My mother always held my hand when we went downstairs, and always kept me away from the pool. I remember wondering what it was like in there. Everyone I saw in there seemed to be having fun, so why was I told No! every time I tried to go there? That day started out the same; we went downstairs from our apartment, and she held my hand the whole way. When we got to the bottom of the stairs, my uncle Albert was there. He had been around a lot since my father had moved to his own apartment. I didnt know what a trial separation was at the time, but I had heard my mother talking about it. I hadnt seen my father in weeks. They had told me that he died, but all I knew about that was that I wouldnt be seeing him anymore. My sister was mourning, she understood what death was in a way I didnt. I remember being angry. My grandmother had told us that God took him home, so he could see him every day. That idea disturbed me, even at four years of age, because she had also told us that God can see everything, all the time, and I wondered why he needed to take my father away. It didnt make any sense, but when I asked her about it, she just got angry and said that a four year old shouldnt ask such questions. I remember liking my Uncle Albert a great deal. He was always very funny, and I hadnt yet found out about his temper. That day, he had come by to discuss funeral arrangements with my mother. She had been smoking more recently, sometimes lighting one from the last, and as she lit her current cigarette she released my hand. I could see the pool, and realized she not only wasnt holding my hand, she wasnt even looking at me. I ran as fast as I could, and stepped of the edge and into the pool. It seemed strange, all wet, like the bath, but with cold water. I remember falling a long way, and that my ears hurt a little, likely due to the twelve-foot depth. Everything took on a blue tinge, and my breath bubbled out as I tried to comment on it. I hit the

bottom of the pool, but it didnt hurt, the water slowing my fall. Now I could see why everyone was always laughing in the pool; it seemed like great fun. I started trying to walk, and I bounced up from the bottom with each step. It was 1971, shortly before my fourth birthday, and Apollo 15 had been on the moon the month before. I laughed, thinking I was walking like an astronaut, and releasing more of my precious air, causing an ache in my chest that I didnt understand, but knew I didnt like. I heard a noise, and glanced up, noticing the ripples at the waters surface. My uncle Albert was coming down and he looked rather strange falling upside-down.
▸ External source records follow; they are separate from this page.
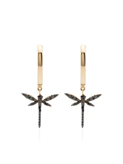 18kt Yellow Gold Small Dragonfly Diamond Earrings In 金色
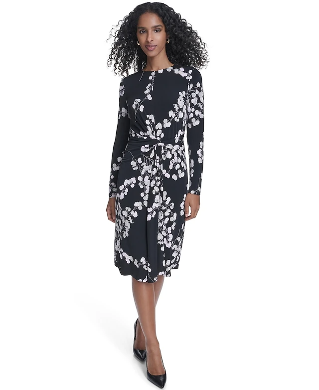 Adrianna Papell Women's Tie-Front 3/4-Sleeve Crepe Knit Dress
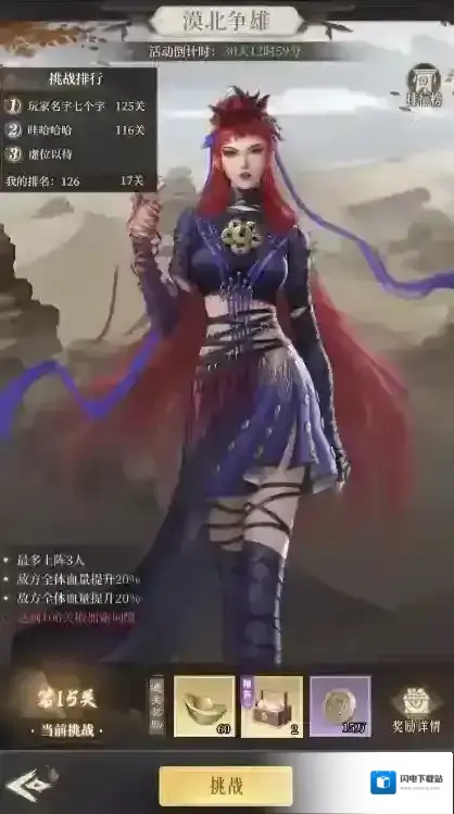 3、试炼关闭后,系统将根据玩家的通关层数排名进行奖励结算,少侠们可以获得大量元宝、侠客觉醒石。
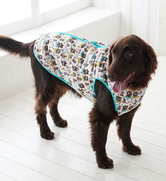beache holic人気キャラの総柄ベストの犬の服。冬の定番フリース素材。背中ジッパーで洋服を嫌がる大型わんこにも着せやすいのがうれしい。

He also had bubbles coming from his nose, and I laughed again, the ache in my air-starved lungs even worse. He grabbed me, and flipped over in a kickturn, pushing off the bottom with his feet and we sailed all the way up. Id never seen anyone jump so high, I thought, not understanding buoyancy. When we got to the top, he lifted me out of the pool, and my mother grabbed me. She looked so sad, her tears streaming down her face. Uncle Albert climbed out, and his hair and mustache looked hilarious with all the water pouring out. I tried to laugh again, but it hurt from the pressure of the water in my lungs, and I coughed instead. I couldnt get my breath, and started to feel dizzy. Albert turned me around and lifted me up by my stomach, a move similar to the Heimlich, and I threw up and coughed at the same time, water going out through my nose. The pain was terrible, but then I could breathe again. I saw my uncle and laughed at his hair, his near-afro collapsed from the water. He smiled, but my mother looked anything but happy. She took my hand and turned me around, yelling at me to stay away from the pool. She struck me twice on my butt, angry and scared and relieved at the same time, and then turned me around to embrace me, crying again. We headed upstairs, and she changed my clothes. When we went downstairs she had her brother carry me till we were outside the gate. She had been

horrified, but I had had a great time. I longed for a day when she would be distracted again, and I could go back into the pool.